"From scrofula to 'despised love,'" added Pistasch. He knew the famous prescription well, and knew, too, that it was the basis of one of Fräulein Klette's numerous financial manœ uvres.

"It really is an extraordinary remedy, Wjera, and it would do you good, too, Mimi;--it would be the very thing for Zinka I am sure," Fräulein Klette rattled on. "I have wrought wonders with it. Do let me have a few bottles of it put up for you."

"You needn't take that trouble, Carolin," said Pistasch maliciously, "I have two or three quarts of your specific on hand, and it will give me pleasure to supply the ladies."

"As you please, I do not insist," said the Fräulein chagrined; whereupon she drew from her reticule the famous negro's head and with great energy and a very long thread began to embroider a sulphurous gleam on his ebony nose.

CHAPTER V.

The fierce heat of the day is over, the rays of the westering sun cast mildly gleaming bands of gold here and there amid the pleasing confusion of furniture in the drawing-room, where both coverings and hangings of Flemish stuff made the prevailing colour a dim, cool green.

The world forgetting, the betrothed pair were standing by a little table whereon was a large, blue Sèvres vase, filled with crimson Jacqueminot roses, a vase, whereof the depressing shape was that of a funeral urn, and whereof the decorations were after the pedantic taste of the first Empire, with medallions of gaudy flowers upon a dark-blue surface.

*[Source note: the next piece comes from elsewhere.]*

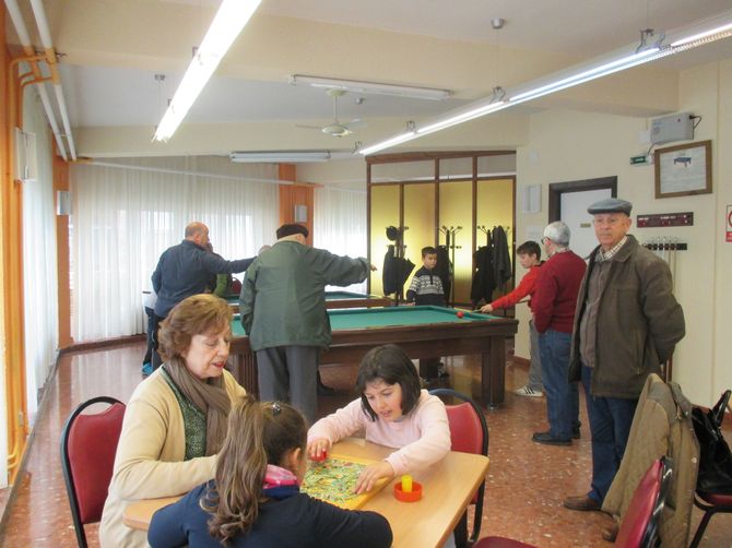 Los socios se han convertido en maestros ocasionales dándoles la oportunidad de conocer juegos tradicionales, ya cada vez menos habituales entre los entretenimientos infantiles, como la peonza, el billar, la rana, la comba o las chapas. Los chicos, además, han podido conocer las instalaciones del centro y el museo que alberga recuerdos, placas conmemorativas de las actuaciones de los grupos del Hogar y obras de arte regaladas por usuarios del centro. También se sorprendieron con el aula de informática en la que los mayores reciclan sus conocimientos adaptándose a las nuevas tecnologías.
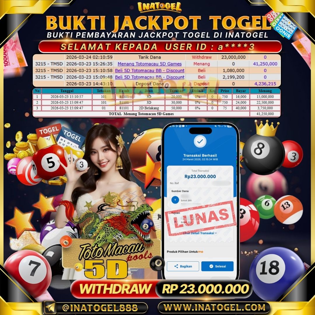 Inatogel Jackpot Togel Totomacau 5D Rp23,000,000

Oswald and Gabrielle had just agreed in declaring the vase almost as hideous as the pretentious monstrosity placed in the library of the Vatican as a memorial of Napoleonic generosity.

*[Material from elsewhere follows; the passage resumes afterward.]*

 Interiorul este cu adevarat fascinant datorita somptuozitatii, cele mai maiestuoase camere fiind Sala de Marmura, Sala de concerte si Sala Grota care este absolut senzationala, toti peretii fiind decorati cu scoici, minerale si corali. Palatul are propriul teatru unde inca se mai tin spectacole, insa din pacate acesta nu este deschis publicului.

"Mamma's Russian relatives have a positive passion for blue Sèvres vases, and green malachite table tops upon gilded tripods," said Oswald, "but one cannot throw a well-meant gift out of doors!"

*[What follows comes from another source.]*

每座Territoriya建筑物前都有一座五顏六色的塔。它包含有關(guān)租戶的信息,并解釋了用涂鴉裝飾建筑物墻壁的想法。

And then they went on to talk of the future, of their wedding-trip which was to be to the East, and to laugh over certain events of the first days of their young affection, in that fair spring-time in Paris. Suddenly Gabrielle interrupted their talk with "Now you are yourself again, but at dinner you looked so cross, I was absolutely afraid of you!"

"Oh, you foolish little girl, how could you be afraid of me?"